В замковом костеле заперлись все женщины и дети; там же находился и владелец Искорости с семьей. Все стояли в оцепенении на коленях; ксендз молился, распростершись у алтаря. Но вот в костел ворвался Хмара, разъяренный сопротивлением шляхты и понесенными потерями; он ворвался, готовый затопить этот костел волнами крови, и остановился, пораженный представившеюся ему картиной; что-то дрогнуло у него в груди, словно заныла в сердце давно забытая нота.

– Стойте, хлопцы! – остановил он жестом товарищей. – Не троньте их в доме божьем, вяжите и ведите живьем к атаману, а добро все берите: оно или награблено из наших церквей, или добыто нашим потом и кровью...

Морозенко уже стоял с полчаса на крыльце замка, окруженный своею старшиной; возбуждение его доходило до высочайшей степени; он наблюдал за сносимыми к его ногам драгоценностями, за приводимыми связанными женщинами, панами, детьми... но не находил ни одного знакомого лица.

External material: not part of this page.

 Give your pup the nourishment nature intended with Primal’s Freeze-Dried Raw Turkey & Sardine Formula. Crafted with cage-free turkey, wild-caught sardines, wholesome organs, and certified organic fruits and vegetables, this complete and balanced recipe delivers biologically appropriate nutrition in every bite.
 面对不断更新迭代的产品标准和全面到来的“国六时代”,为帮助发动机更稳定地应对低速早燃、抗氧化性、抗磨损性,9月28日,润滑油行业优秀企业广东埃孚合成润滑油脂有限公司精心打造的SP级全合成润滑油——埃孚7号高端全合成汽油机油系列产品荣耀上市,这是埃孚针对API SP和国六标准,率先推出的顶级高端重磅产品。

– Где же этот хозяин? Где Чаплинский? – обращался он взволнованным, молящим голосом к каждой группе пробегающих козаков. – Найдите его, приведите, Христа ради!

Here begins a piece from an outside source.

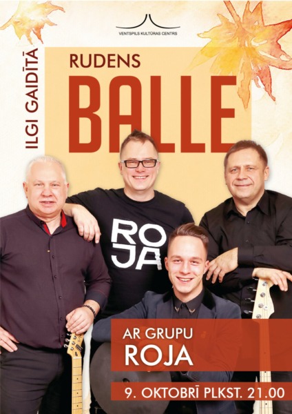 Ventspils Kultūras centrs 9.oktobrī, plkst. 21.00 aicina uz Rudens balli. Visa vakara garumā par lielisku atmosfēru un apmeklētāju dejotprieku gādās Latvijā iemīļotā grupa “Roja”.

– Нашли, пане атамане, Сыча! – крикнул кто-то в ответ.

– Где? Жив? – встрепенулся Морозенко.

– В подвале... кажись, пытали... может быть, отходит. Морозенко хотел было уже броситься за козаками в подвал на помощь к Сычу, как вдруг в толпе, прибывающей на площадь, послышалось:

– Ведут, ведут, вон, Чаплинского в кандалах!

Лихорадочный озноб прохватил Морозенка. Толпа расступилась, и перед атаманом предстал страстно ожидаемый Чаплинский: два козака держали под руки связанного, едва стоявшего на ногах, низенького, худого, желто-зеленого брюнета; на руках у других козаков судорожно бились в предсмертном ужасе две женщины и трое детей.

Морозенко взглянул на Чаплинского диким, обезумевшим взглядом, обвел им трепетавшие перед ним жертвы и вскрикнул страшным голосом:

– Кто это?

– Господарь наш, мучитель наш, кровопийца, – ответили, низко кланяясь, мещане, – пан Чаплинский, о котором мы твоей милости говорили.

– Смеетесь вы надо мной! – схватил Морозенко одного из них за плечо, и затем, выпустивши его, обратился к дрожащему пану прерывающимся голосом: – Как имя твое? Говори, не лги... правду... правду!..

– Чаплинский... Ян-Казимир-Франциск, – пролепетал заплетающимся языком шляхтич и рухнул перед Морозенком на колени.

– Проклятье! – простонал Морозенко; отчаяние, злоба, разочарование исказили все его лицо.

Все кругом молчали.

– Что же, пане атамане, с этим кодлом, да и с остальными делать? Какой твой суд? – спросил наконец Хмара.

– Смерть, смерть всем, – прохрипел Морозенко сдавленным голосом, – за наших братьев, за жен и детей!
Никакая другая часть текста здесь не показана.